§ **Assignment**
Write out the lines of the material below exactly, beginning at the line with "Herobility's prisbelönta nappflaska" and stopping after the line with "Mayfield Premium Machine", and leave out the pictures.

§ **Exercise data**
=== Section Start ===
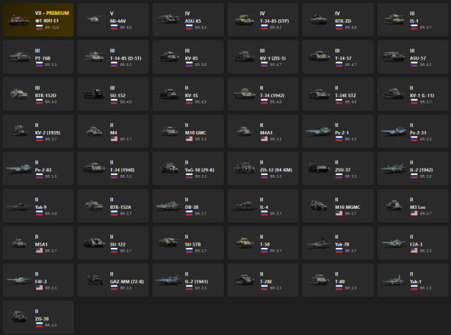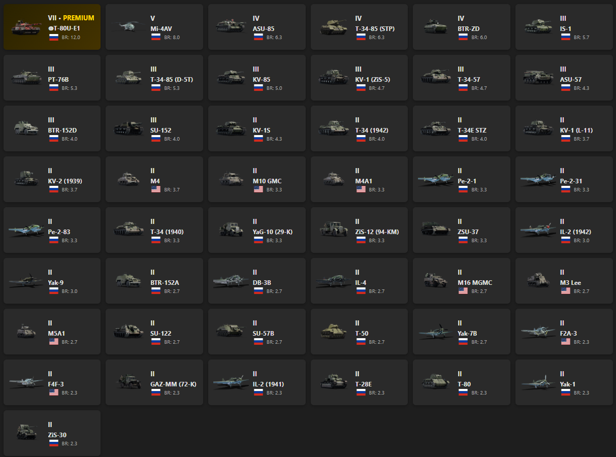 VII - 1, V - 1 ◍Т-80U-Е1, Mi-4AV, ASU-85, T-34-85 (STP), BTR-ZD, IS-1, PT-76B, T-34-85 (D-5T), KV-85, KV-1 (ZiS-5)
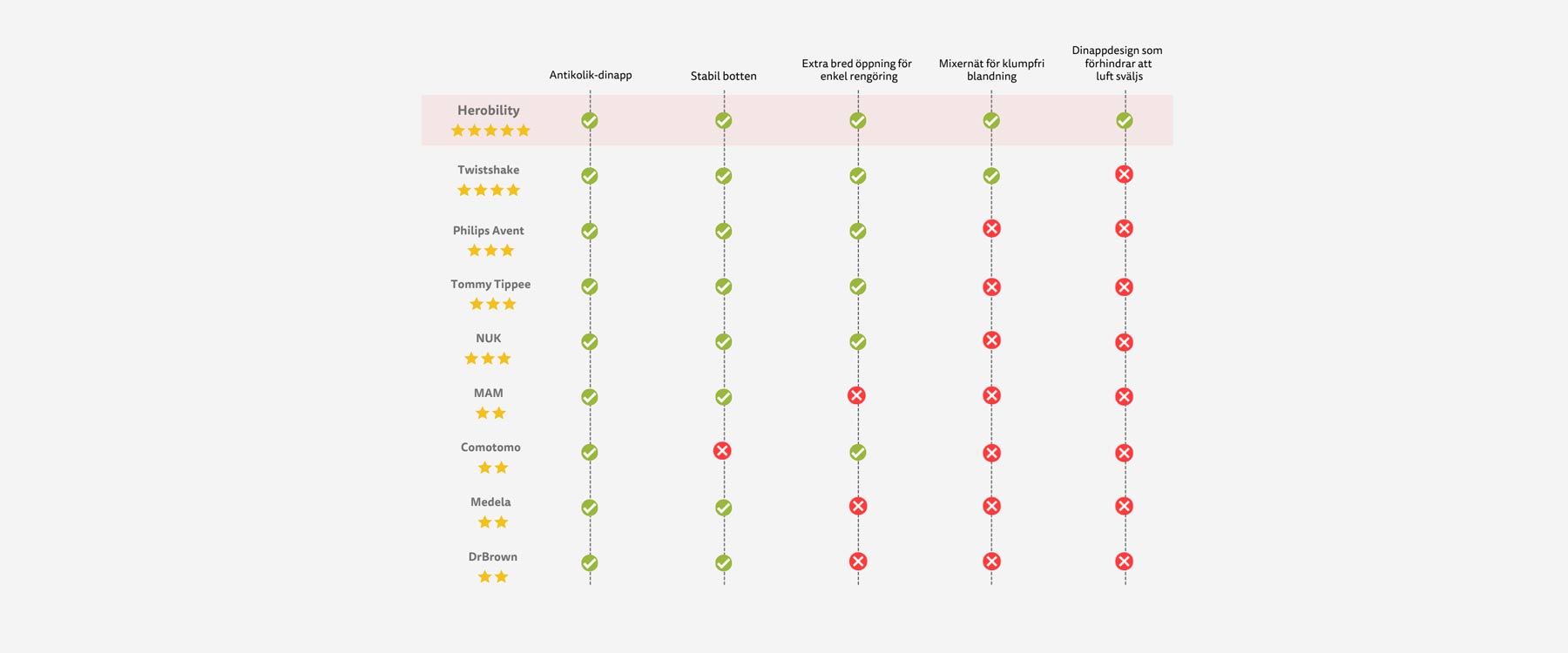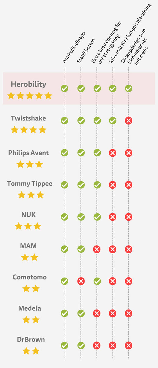 Herobility's prisbelönta nappflaska med dubbelt anti-kolik system ger en enkel och säker matning ofta på första försöket. Bred öppning, lätt att rengöra och säker för mikrovågsugn. Utvecklad i Sverige och utnämnd till Sveriges bästa nappflaska.
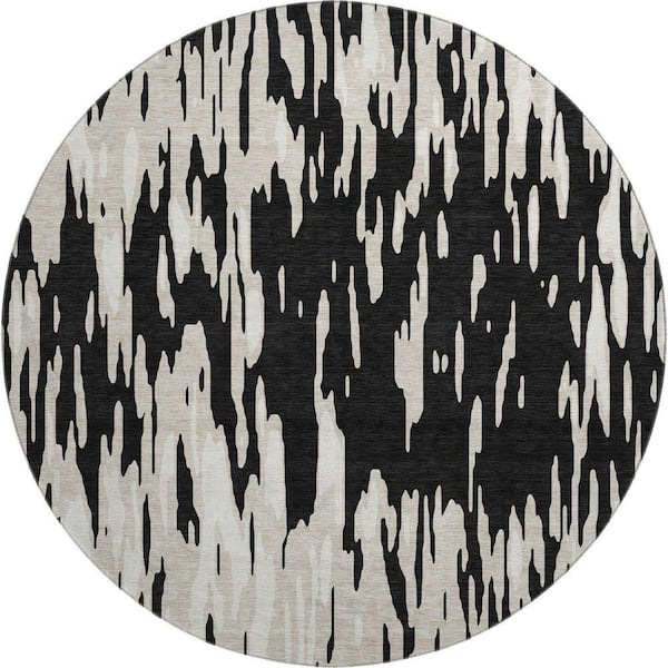 Mayfield Premium Machine Washable Abstract AMF945 Black 8 ft. x 8 ft. Round Rug
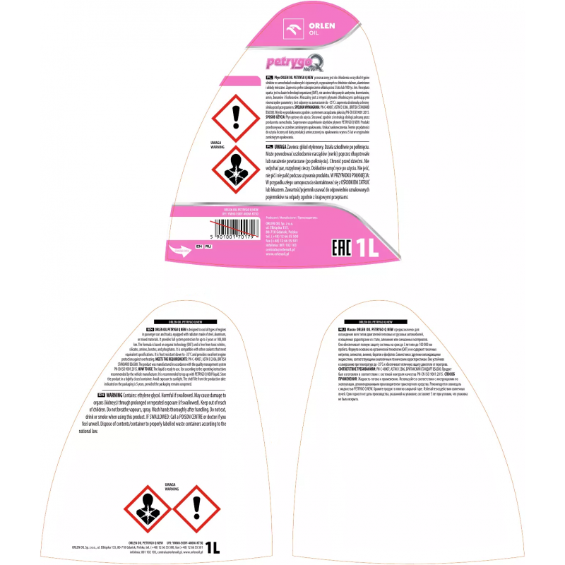 Płyn do chłodnic Petrygo Q NEW produkowany jest na bazie wysokiej jakości glikolu etylenowego oraz specjalnie dobranym pakiecie dodatków uszlachetniających, które zapewniają pełną ochronę antykorozyjną. Przeznaczony jest do wszystkich typów silników w samochodach osobowych i ciężarowych wyposażonych w chłodnice stalowe, aluminiowe oraz układy mieszane. Płyn tworzy w układzie chłodzenia wyjątkowo odporną powłokę ochronną, zabezpieczając go przed korozją i kawitacją w zakresie eksploatacji do 100 tys km lub przez 3 lata. Płyn w układzie jest odporny na zamarzanie do -35°C i zapewnia doskonałą ochronę silnika przed przegrzaniem.
=== Section End ===
§ **Result of the exercise**
 Herobility's prisbelönta nappflaska med dubbelt anti-kolik system ger en enkel och säker matning ofta på första försöket. Bred öppning, lätt att rengöra och säker för mikrovågsugn. Utvecklad i Sverige och utnämnd till Sveriges bästa nappflaska.
 Mayfield Premium Machine Washable Abstract AMF945 Black 8 ft. x 8 ft. Round Rug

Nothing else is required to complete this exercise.